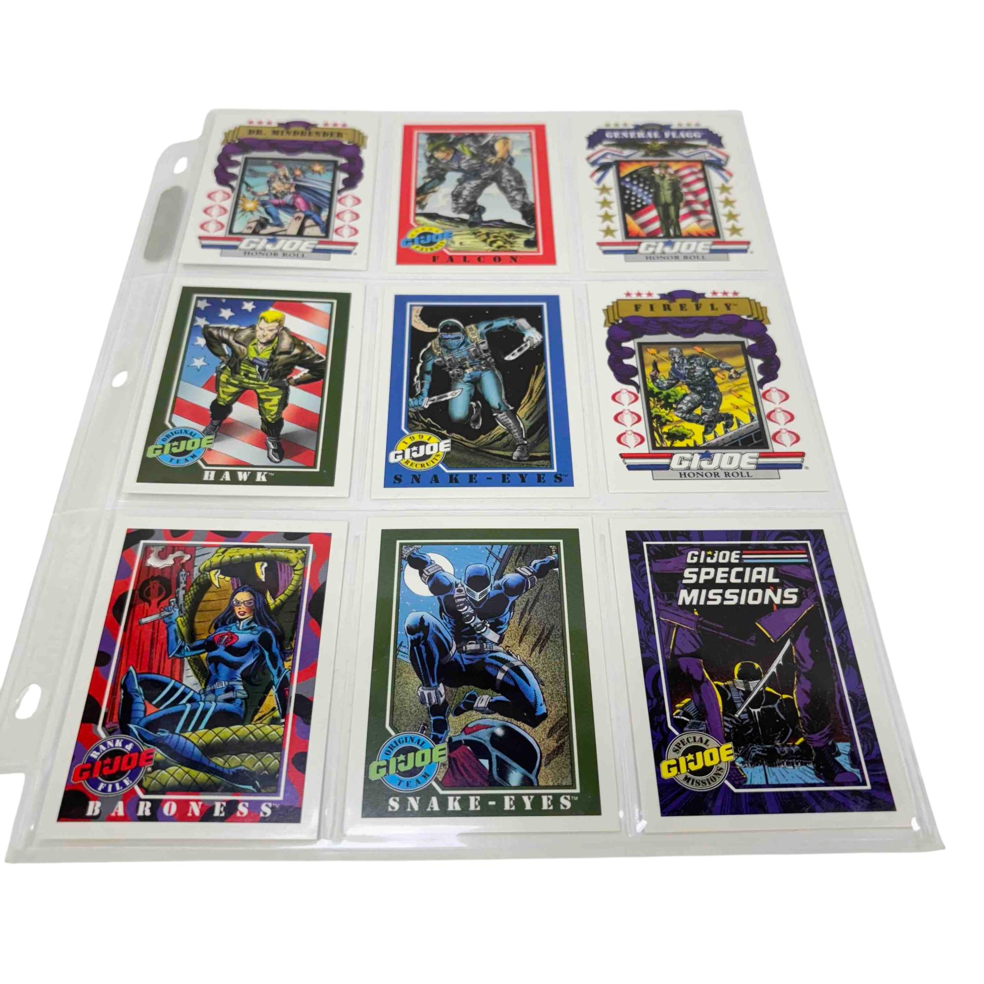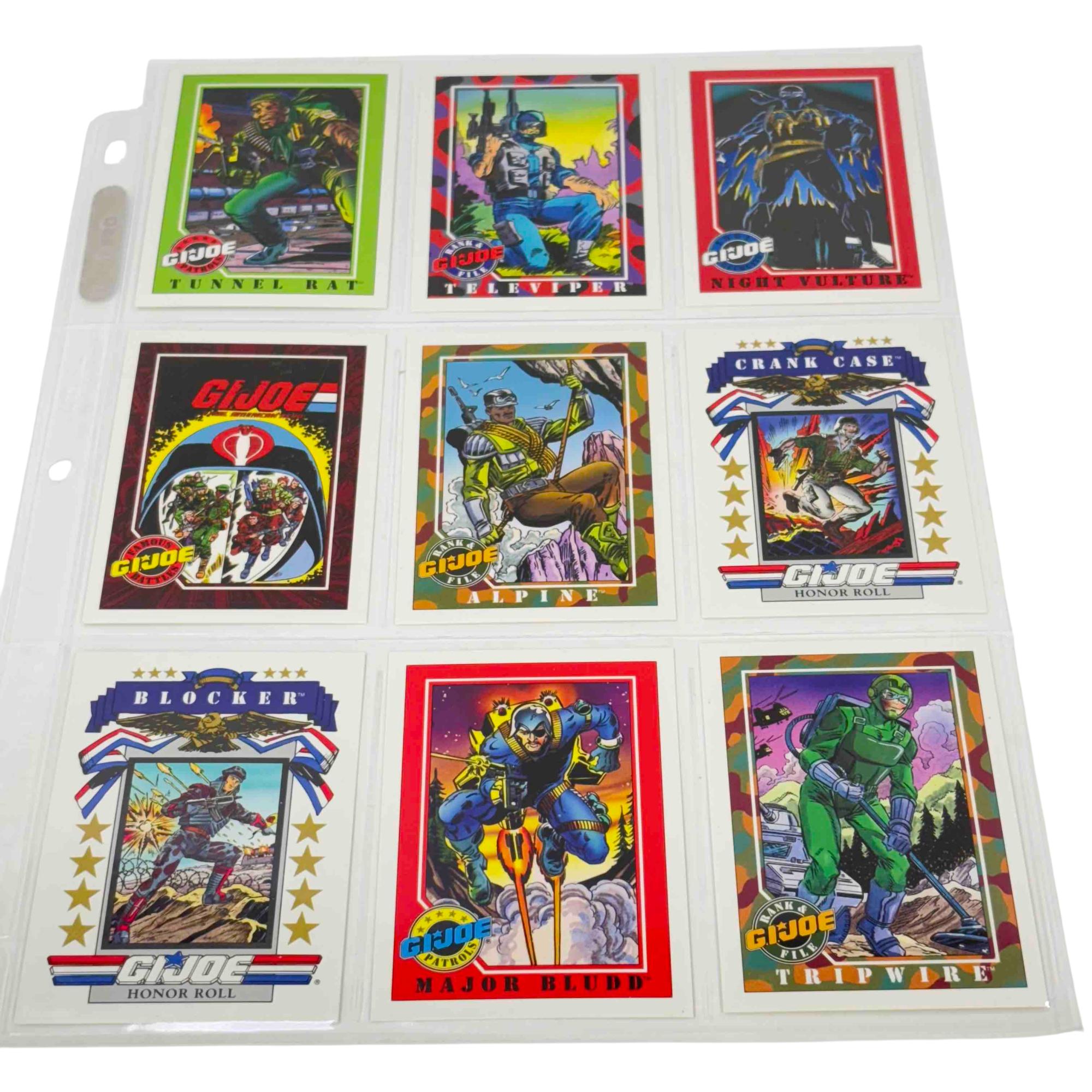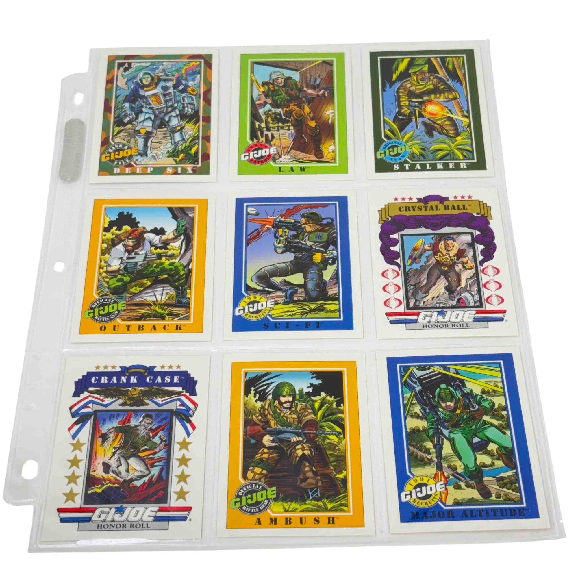 This is a complete set of 74 vintage G.I. Joe trading cards from Hasbro, featuring classic characters, action-packed scenes, and unique artwork that will excite any collector or fan of the iconic G.I. Joe franchise. Preserved in protective plastic sleeves, these cards are perfect for display or investment, bringing the nostalgia and adventure of the original G.I. Joe universe right to your collection.
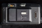 The manual indicates additionally that near focus is 0.65 m (2.1 ft) and the camera strap is the same length providing a handy measuring device to measure if too close. Non DX-coded film is metered as if ISO 25. The manual includes instructions for the date functions, and the clock is good until 2019, so this camera still has a bit of its life expectancy to go. The date battery is dead in my camera and having no use for that feature I have not replaced it. That battery, a CR2025, is held on the inside of the rear door so replacement must be done between rolls of film and requires a tiny Phillips screw driver.
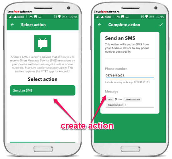 Step 2: After that, you would need to select the action app as “Android SMS” and then choose “Send an SMS” as the applet action. When you do that, it will ask you to enter the phone number on which you would like to forward the SMS. Apart from that, it will also allow you to set the message content by adding different ingredients.
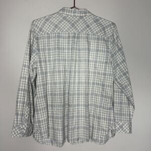 Talbots Shirt Womens PL Large Petite Gray White Plaid Long Sleeve Button Up Top
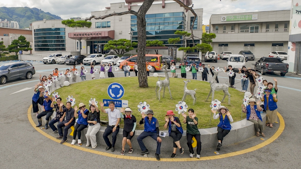 일상의 바람 속에서 돌아가는 태극기를 누구나 볼 수 있도록 했다. 북삼읍 이장협의회를 비롯한 13개 단체와 주민들이 뜻을 모았다. 사비를 모아 코스모스를 닮은 ‘태극기 바람개비’ 200여 개를 준비했다.
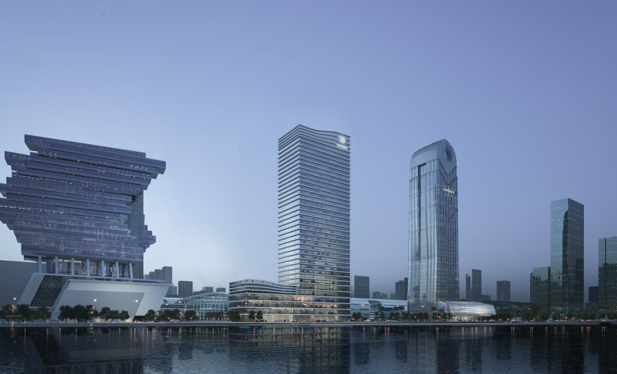 广交会展馆四期项目于2020年12月正式开工建设,是广交会展馆发展史上最大的扩建工程,包含D区展馆、会议中心和指挥中心。指挥中心由1栋171.9米高的塔楼和4层裙楼组成,是集会议承接与日常办公于一体的超高层建筑,既能满足会展产业链个性化办公需求,也可为会展活动提供高效便捷的会议服务。
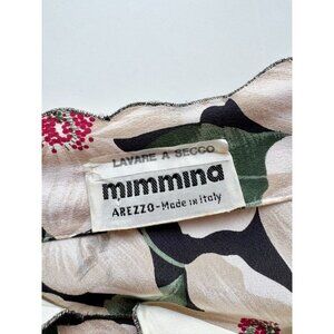 Vintage 80's MIMMINA Ivory Red Floral Striped Beaded Silk Crepe Dress, Size S
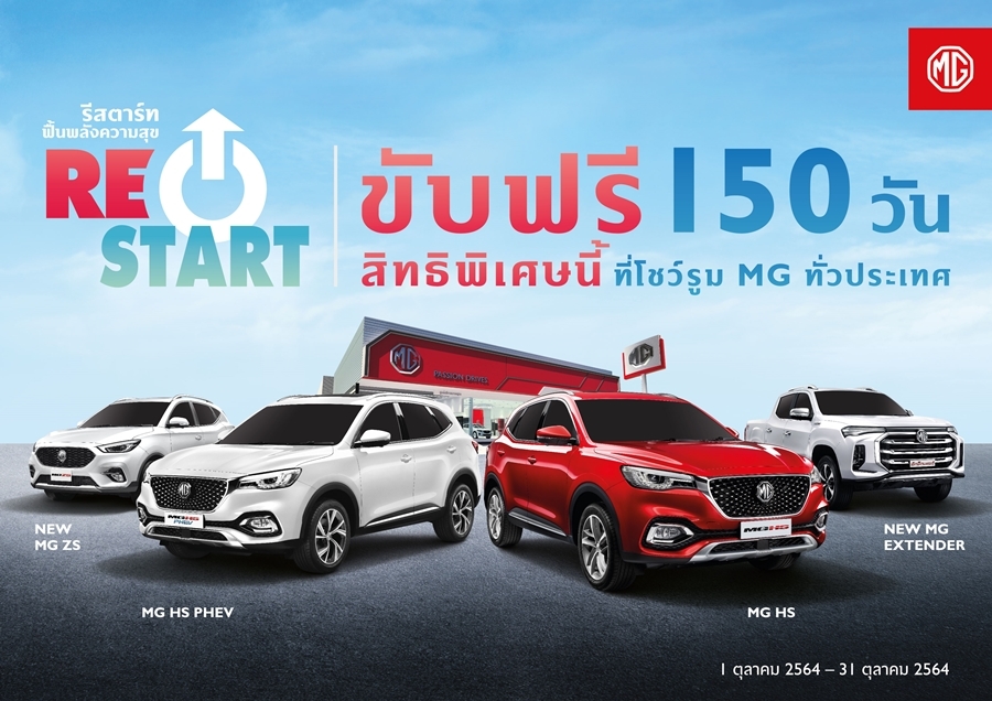 "เราคาดการณ์ว่าในไตรมาสสุดท้ายของปีนี้ เศรษฐกิจในประเทศจะฟื้นตัวและสถานการณ์โควิด-19 จะคลี่คลายไปในทิศทางที่ดีขึ้น โดยเอ็มจีขอเป็นส่วนหนึ่งในการฟื้นพลังความสุขให้กับคนไทย ช่วยลดภาระค่าใช้จ่ายให้กับลูกค้าด้วยการจัดทำแคมเปญพิเศษ RESTART - รีสตาร์ท ฟื้นพลังความสุข ให้ลูกค้าได้ขับฟรี 150 วันก่อนเริ่มผ่อนชำระงวดแรกสำหรับรถยนต์รุ่น MG ZS, MG HS, MG HS PHEV และรถกระบะ MG EXTENDER และยังมีข้อเสนอพิเศษอื่นๆ ตลอดเดือนตุลาคมนี้ สำหรับผู้ที่สนใจสามารถติดตามรายละเอียดได้จากช่องทางการสื่อสารต่างๆ ของบริษัทฯ และที่ผู้จำหน่ายเอ็มจี กว่า 150 แห่งทั่วประเทศครับ" นายพงษ์ศักดิ์ กล่าวสรุป

__________________________________________________

*Work instructions*
Exclude the pictures and give back the rest of the data above exactly as written.

*Answer space*
 This is a complete set of 74 vintage G.I. Joe trading cards from Hasbro, featuring classic characters, action-packed scenes, and unique artwork that will excite any collector or fan of the iconic G.I. Joe franchise. Preserved in protective plastic sleeves, these cards are perfect for display or investment, bringing the nostalgia and adventure of the original G.I. Joe universe right to your collection.
 The manual indicates additionally that near focus is 0.65 m (2.1 ft) and the camera strap is the same length providing a handy measuring device to measure if too close. Non DX-coded film is metered as if ISO 25. The manual includes instructions for the date functions, and the clock is good until 2019, so this camera still has a bit of its life expectancy to go. The date battery is dead in my camera and having no use for that feature I have not replaced it. That battery, a CR2025, is held on the inside of the rear door so replacement must be done between rolls of film and requires a tiny Phillips screw driver.
 Step 2: After that, you would need to select the action app as “Android SMS” and then choose “Send an SMS” as the applet action. When you do that, it will ask you to enter the phone number on which you would like to forward the SMS. Apart from that, it will also allow you to set the message content by adding different ingredients.
 Talbots Shirt Womens PL Large Petite Gray White Plaid Long Sleeve Button Up Top
 일상의 바람 속에서 돌아가는 태극기를 누구나 볼 수 있도록 했다. 북삼읍 이장협의회를 비롯한 13개 단체와 주민들이 뜻을 모았다. 사비를 모아 코스모스를 닮은 ‘태극기 바람개비’ 200여 개를 준비했다.
 广交会展馆四期项目于2020年12月正式开工建设,是广交会展馆发展史上最大的扩建工程,包含D区展馆、会议中心和指挥中心。指挥中心由1栋171.9米高的塔楼和4层裙楼组成,是集会议承接与日常办公于一体的超高层建筑,既能满足会展产业链个性化办公需求,也可为会展活动提供高效便捷的会议服务。
 Vintage 80's MIMMINA Ivory Red Floral Striped Beaded Silk Crepe Dress, Size S
 "เราคาดการณ์ว่าในไตรมาสสุดท้ายของปีนี้ เศรษฐกิจในประเทศจะฟื้นตัวและสถานการณ์โควิด-19 จะคลี่คลายไปในทิศทางที่ดีขึ้น โดยเอ็มจีขอเป็นส่วนหนึ่งในการฟื้นพลังความสุขให้กับคนไทย ช่วยลดภาระค่าใช้จ่ายให้กับลูกค้าด้วยการจัดทำแคมเปญพิเศษ RESTART - รีสตาร์ท ฟื้นพลังความสุข ให้ลูกค้าได้ขับฟรี 150 วันก่อนเริ่มผ่อนชำระงวดแรกสำหรับรถยนต์รุ่น MG ZS, MG HS, MG HS PHEV และรถกระบะ MG EXTENDER และยังมีข้อเสนอพิเศษอื่นๆ ตลอดเดือนตุลาคมนี้ สำหรับผู้ที่สนใจสามารถติดตามรายละเอียดได้จากช่องทางการสื่อสารต่างๆ ของบริษัทฯ และที่ผู้จำหน่ายเอ็มจี กว่า 150 แห่งทั่วประเทศครับ" นายพงษ์ศักดิ์ กล่าวสรุป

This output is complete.